The Food Standards Agency, Britain's food health watchdog, has thrown its weight behind a complete ban on animal feeding practices which feed animal products back to animals.

The Food Standards Agency, Britain's food health watchdog, has thrown its weight behind a complete ban on animal feeding practices which feed animal products back to animals.

It has called for the move as one of a number of safety measures recommended to prevent a repeat of the BSE disaster and would mean extending the current ban on feeding recycled remains of cattle, sheep and goats to all other animals including poultry and fish.

The FSA has also advised ministers to reject calls from farmers to allow meat and bone meal to be fed to poultry. All recycling of animal blood, gelatine and tallow in animal feed should also be stopped, the agency said.

The recommendations are contained in a draft review of the current BSE controls ordered by the Government from the FSA, the new food health watchdog.

FSA chairman Sir John Krebs said: "The evidence is that the current UK controls, which are based on the precautionary approach, are working. But, because of so much uncertainty, the review suggests that current controls be retained and in some areas tightened.

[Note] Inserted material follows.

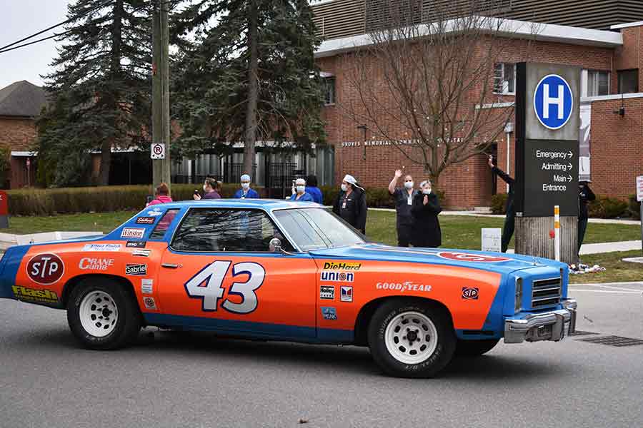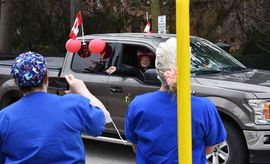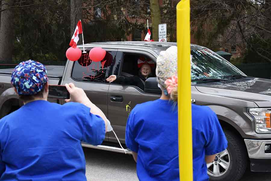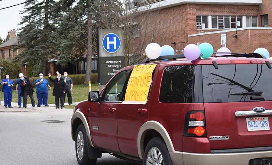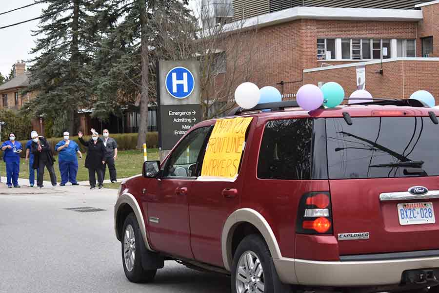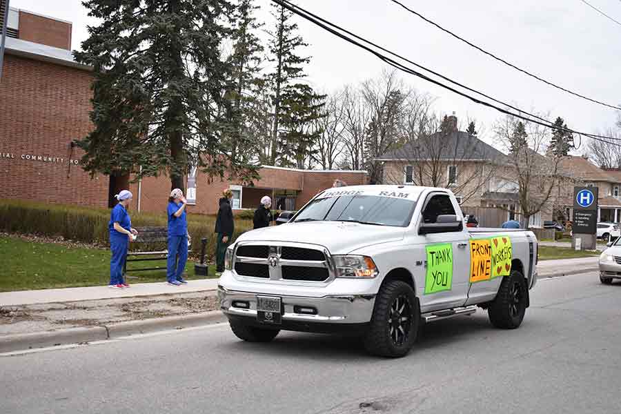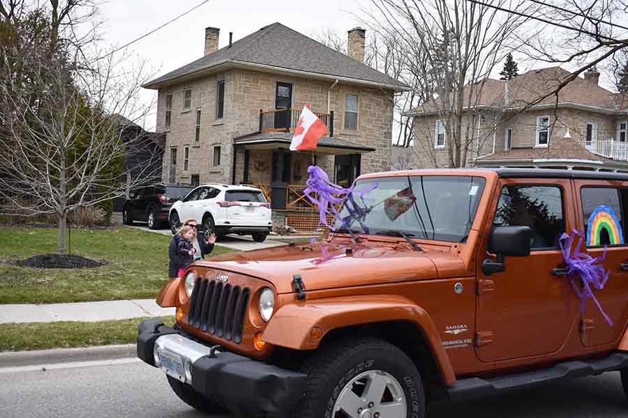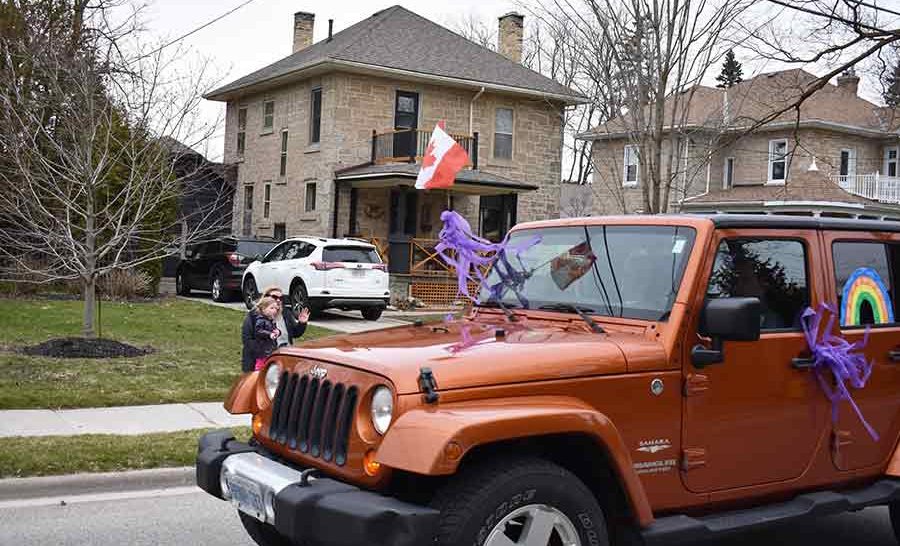Car rally – Frontline health care workers stood outside Groves hospital on April 26 as about 100 vehicles passed by displaying messages of support and gratitude. The car rally wove its way through Centre Wellington, acknowledging workers at various stops, including Caressant Care Fergus, Highland Manor, Guelph-Wellington Emergency Services, the Wellington County OPP, Wellington Terrace in Aboyne and the Elora fire station.

"The review is still subject to further consultation and discussion by the FSA board. Even after the review is concluded, the Food Standards Agency will continue to reassess the situation to ensure the public is afforded the highest levels of protection."

The report says "intra-species recycling" - a euphemism for cannibalism - could theoretically amplify a new spongiform encephalopathy disease such as BSE in a species.

The report also makes recommendations on new research. It says as a matter of "great urgency" there is a need to develop a rapid screening method to test sheep for BSE.

Sheep have suffered from a similar disease, scrapie, for about 200 years but there is no evidence that this is harmful to humans.

However, BSE is thought to be derived from scrapie, and scientists have shown that under laboratory conditions it can infect sheep as well as cattle.

New research should also be conducted to assess the possibility that cattle and sheep may carry BSE without showing symptoms, said the FSA.

Scientists recently demonstrated the theoretical possibility that a sub-clinical form of BSE exists.

The report also calls for a study to establish once and for all whether BSE can be transmitted in milk, and tests on sheep intestines used for sausage casings.

The report said that for the time being the rule which compelled farmers to slaughter and destroy all cattle over 30 months old should remain in force, but envisaged its eventual abolition if certain conditions were met.

A decision to announce the year of birth of animals that need not enter the over-30 month scheme should be taken no earlier than January 2002, said the report.

The FSA pointed out that the problems of cross contamination of animal feed were likely to occur in other countries. It urged the EU Commission to take action, especially in countries with a known risk of BSE.

The Co-op supermarket has also called for a Europe-wide ban on the feeding of animal waste to farm animals. Bosses claim consumers find the practice "abhorrent" and are calling for a change in the law.

At the height of the BSE crisis, the last government banned the feeding of mammalian meat and bone meal (MBM) to cattle but stopped short of outlawing all animal by-products.

But while most British farmers continue to support a voluntary ban on such products going into animal feed, producers elsewhere in Europe routinely use tallow, blood and feather meal to feed their animals, with much of the resulting meat ending up on British plates.

Co-op spokeswoman Wendy Wrigley said: "This type of feeding practice is tantamount to cannibalism and must be stamped out if governments want to eliminate potential safety risks and restore consumer confidence in meat.

"In the wake of the BSE crisis, which we now know can be largely blamed on animal waste being fed back to farm animals, we and our customers are dismayed at the way the regulations still pick and choose between acceptable and unacceptable feed ingredients like blood and bone meal.

"The obvious solution for animal waste is to ban the lot whilst ensuring the new rules apply evenly throughout the EU."